Thursday, June 9, 2011

Muscles


As promised, I did in fact prepare a simple dish with mussels, after buying a 2 lb. bag and using only half of them in my paella.
But not before, well, a lot of them kicked the bucket.
And man,

These guys stink.
They made my refrigerator stink.

They made everything in my refrigerator stink.

That stank could turn milk into yogurt.

Imagine if a moribund sea creature just washed up into your crisper.

They made my ice cream smell like the ocean's rotting armpit.
















Appetized?
















But the several live ones really were still really fresh and good.
I just had to separate them out and scrub their shells really hard without hurling.
Damn you, land-locked state!

Just playing, Bluegrass.
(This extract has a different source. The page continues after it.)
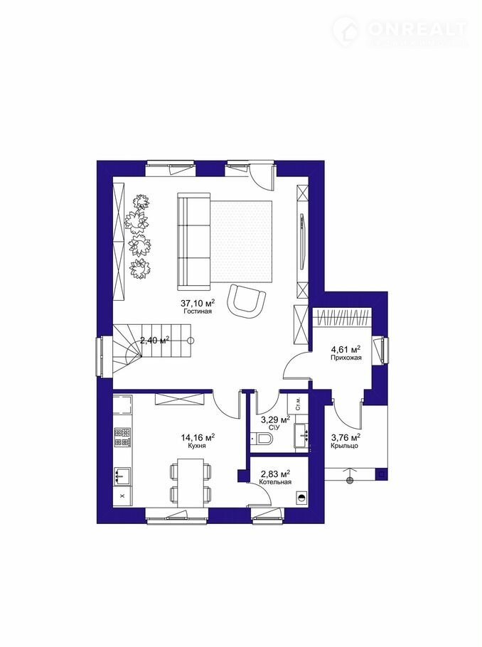 - на 1 этаже: просторная гостиная с выходом на задний двор, большая кухня, гостевой с/у и ванная, котельная, прихожая;

Y'all know I could never call anywhere else home.



Beginning and end of story, I made mussels and spaghetti with a white wine and butter sauce.
And it was good.

What an enticing aroma after your nose has been accustomed to death.

Nothing has ever tasted better.

Best enjoyed with some crusty french bread, curled up watching seasons of Arrested Development. Life's such a treat.

1 comment:

  1. I cant even begin to imagine how it would smell like, but the "ocean's rotting armpit" sure sounds nasty. Glad that it still turned out great!It looks delicious.